Personal information
- Full name: Victor Lawrence Carroll
- Date of birth: 30 April 1912
- Place of birth: Malvern, Victoria
- Date of death: 18 October 1998 (aged 86)
- Place of death: Corowa, New South Wales
- Original team(s): Corowa
- Height: 175 cm (5 ft 9 in)
- Weight: 77 kg (170 lb)
- Position(s): Centre

Playing career^{1}
- Years: Club / Games (Goals)
- 1937: Fitzroy / 12 (2)
- ^{1} Playing statistics correct to the end of 1937.

= Vic Carroll (Australian footballer) =

Australian rules footballer

Victor Lawrence Carroll (30 April 1912 – 18 October 1998) was an Australian rules footballer who played 12 consecutive games with Fitzroy in 1937 in the Victorian Football League (VFL).

==Family==
The son of Edward Martin Carroll (1883-1958), and Emily Sarah Carroll (1883-1967), née Bisset, Victor Lawrence Carroll was born at Malvern, Victoria on 30 April 1912.

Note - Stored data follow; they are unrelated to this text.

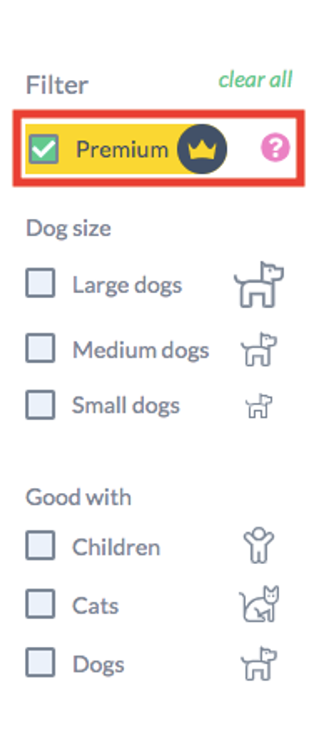 To search for premium doggies remember to tick the box at the top of the Filters section on the left side of the page titled Premium.
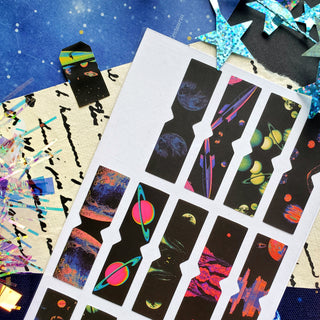 🪐🌟 If you're a fan of everything celestial, you'll love this set of space tabs. They feature a variety of neon planets that perfectly represent the awesomeness of outer space. Just fold and press them onto your page to add some spectacular cosmic vibes.
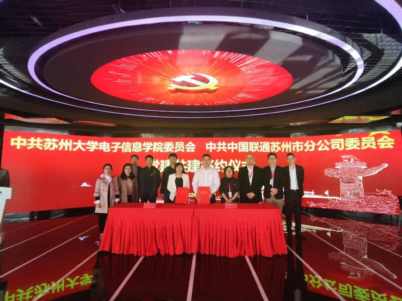 11月8日上午,国产无码 党委与中国联通苏州市分公司党委在苏州联通大楼举行党建共建合作签约仪式。苏州联通党委委员、副总经理陈华、党群工作部支部书记孙前名及苏州联通政企客户事业群有关负责人,国产无码 党委书记袁冬梅、通信工程系主任、党支部书记侯嘉、通信工程系教师代表、出席签约仪式。签约仪式由苏州联通政企客户事业群网格经理绪其超主持。
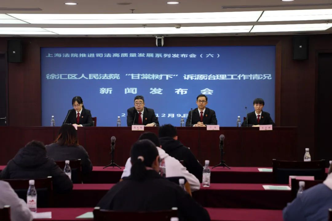 12月9日上午,上海市徐汇区人民法院(以下简称“上海徐汇法院”)举行新闻发布会,发布《上海市徐汇区人民法院“甘棠树下”社区法官工作白皮书》(以下简称“白皮书”),通报该院诉源治理工作情况,并发布典型工作案例。此次发布会系上海法院推进司法高质量发展系列发布会的第六场,上海徐汇法院党组成员、副院长蒋克勤通报白皮书的发布背景和相关情况,立案庭庭长许斌介绍白皮书的主要内容,蒋克勤、许斌、社区法官工作室王宏霞法官回答记者提问。发布会由办公室主任贾翌主持。
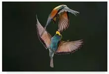 栗喉蜂虎是蜂虎科蜂虎属的鸟类。有热带鸟类羽毛艳丽的特征:喉部是栗红色的,黑色的过眼纹,翅膀和背部是绿色的,尾翼是蓝色的,飞行时翅膀下面的羽毛是橙黄色的,在阳光的照射下,它们全身闪烁着金属般的艳丽光泽,…全部>>

He married Mary Agnes Ison (1918-1980) in 1937.

==Football==
===Melbourne (VFL)===
Carroll and one of his two younger brothers, Norm i.e., Norman Powlett Carroll (1910-1968) had previously trained with the Melbourne Football Club in 1931.

===Fitzroy (VFL)===
Cleared to Fitzroy from Corowa on 26 May 1937, Carroll made his First XVIII debut against Geelong, at the Corio Oval, on 5 June 1937.

===Corowa===
Carroll was cleared back to the Corowa Football Club in the Ovens and Murray Football League in April, 1938.

==Military service==
Carroll later served in the Australian Army for six months during World War II.